ABOUT THIS TASK: The answer should consist of every line of the material, repeated verbatim.

MATERIAL PROVIDED:

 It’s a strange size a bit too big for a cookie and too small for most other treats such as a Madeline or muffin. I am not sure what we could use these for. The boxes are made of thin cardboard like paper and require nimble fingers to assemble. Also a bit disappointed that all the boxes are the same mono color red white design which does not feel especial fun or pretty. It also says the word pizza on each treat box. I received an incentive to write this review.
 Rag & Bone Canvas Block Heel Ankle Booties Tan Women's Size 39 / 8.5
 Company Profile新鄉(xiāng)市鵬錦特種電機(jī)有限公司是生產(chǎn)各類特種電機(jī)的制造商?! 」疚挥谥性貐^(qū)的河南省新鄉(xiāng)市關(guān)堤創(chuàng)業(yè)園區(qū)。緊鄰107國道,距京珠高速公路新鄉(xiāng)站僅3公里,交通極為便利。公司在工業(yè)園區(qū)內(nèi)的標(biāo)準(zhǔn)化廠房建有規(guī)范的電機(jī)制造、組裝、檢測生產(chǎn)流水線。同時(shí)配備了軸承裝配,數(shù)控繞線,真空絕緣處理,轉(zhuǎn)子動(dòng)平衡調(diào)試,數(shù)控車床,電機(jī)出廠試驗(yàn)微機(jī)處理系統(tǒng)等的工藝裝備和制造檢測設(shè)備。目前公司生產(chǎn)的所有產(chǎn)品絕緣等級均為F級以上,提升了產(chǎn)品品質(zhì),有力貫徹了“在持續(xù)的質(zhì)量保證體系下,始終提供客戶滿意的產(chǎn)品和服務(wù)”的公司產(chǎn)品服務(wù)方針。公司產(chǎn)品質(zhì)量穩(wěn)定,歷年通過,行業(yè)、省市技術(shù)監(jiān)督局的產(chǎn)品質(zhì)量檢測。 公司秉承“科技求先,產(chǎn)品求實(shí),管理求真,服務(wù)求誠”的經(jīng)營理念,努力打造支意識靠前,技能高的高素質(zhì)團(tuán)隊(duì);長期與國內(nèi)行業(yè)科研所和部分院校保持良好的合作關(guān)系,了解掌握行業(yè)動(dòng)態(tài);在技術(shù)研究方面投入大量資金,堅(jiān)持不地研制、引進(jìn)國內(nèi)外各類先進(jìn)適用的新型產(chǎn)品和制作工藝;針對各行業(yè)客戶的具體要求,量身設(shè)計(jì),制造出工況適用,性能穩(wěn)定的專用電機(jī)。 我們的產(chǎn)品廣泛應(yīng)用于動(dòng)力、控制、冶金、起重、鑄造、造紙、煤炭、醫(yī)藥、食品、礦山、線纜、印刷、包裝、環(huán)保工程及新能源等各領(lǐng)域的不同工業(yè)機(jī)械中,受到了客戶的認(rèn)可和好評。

SOLVED EXERCISE:
 It’s a strange size a bit too big for a cookie and too small for most other treats such as a Madeline or muffin. I am not sure what we could use these for. The boxes are made of thin cardboard like paper and require nimble fingers to assemble. Also a bit disappointed that all the boxes are the same mono color red white design which does not feel especial fun or pretty. It also says the word pizza on each treat box. I received an incentive to write this review.
 Rag & Bone Canvas Block Heel Ankle Booties Tan Women's Size 39 / 8.5
 Company Profile新鄉(xiāng)市鵬錦特種電機(jī)有限公司是生產(chǎn)各類特種電機(jī)的制造商?! 」疚挥谥性貐^(qū)的河南省新鄉(xiāng)市關(guān)堤創(chuàng)業(yè)園區(qū)。緊鄰107國道,距京珠高速公路新鄉(xiāng)站僅3公里,交通極為便利。公司在工業(yè)園區(qū)內(nèi)的標(biāo)準(zhǔn)化廠房建有規(guī)范的電機(jī)制造、組裝、檢測生產(chǎn)流水線。同時(shí)配備了軸承裝配,數(shù)控繞線,真空絕緣處理,轉(zhuǎn)子動(dòng)平衡調(diào)試,數(shù)控車床,電機(jī)出廠試驗(yàn)微機(jī)處理系統(tǒng)等的工藝裝備和制造檢測設(shè)備。目前公司生產(chǎn)的所有產(chǎn)品絕緣等級均為F級以上,提升了產(chǎn)品品質(zhì),有力貫徹了“在持續(xù)的質(zhì)量保證體系下,始終提供客戶滿意的產(chǎn)品和服務(wù)”的公司產(chǎn)品服務(wù)方針。公司產(chǎn)品質(zhì)量穩(wěn)定,歷年通過,行業(yè)、省市技術(shù)監(jiān)督局的產(chǎn)品質(zhì)量檢測。 公司秉承“科技求先,產(chǎn)品求實(shí),管理求真,服務(wù)求誠”的經(jīng)營理念,努力打造支意識靠前,技能高的高素質(zhì)團(tuán)隊(duì);長期與國內(nèi)行業(yè)科研所和部分院校保持良好的合作關(guān)系,了解掌握行業(yè)動(dòng)態(tài);在技術(shù)研究方面投入大量資金,堅(jiān)持不地研制、引進(jìn)國內(nèi)外各類先進(jìn)適用的新型產(chǎn)品和制作工藝;針對各行業(yè)客戶的具體要求,量身設(shè)計(jì),制造出工況適用,性能穩(wěn)定的專用電機(jī)。 我們的產(chǎn)品廣泛應(yīng)用于動(dòng)力、控制、冶金、起重、鑄造、造紙、煤炭、醫(yī)藥、食品、礦山、線纜、印刷、包裝、環(huán)保工程及新能源等各領(lǐng)域的不同工業(yè)機(jī)械中,受到了客戶的認(rèn)可和好評。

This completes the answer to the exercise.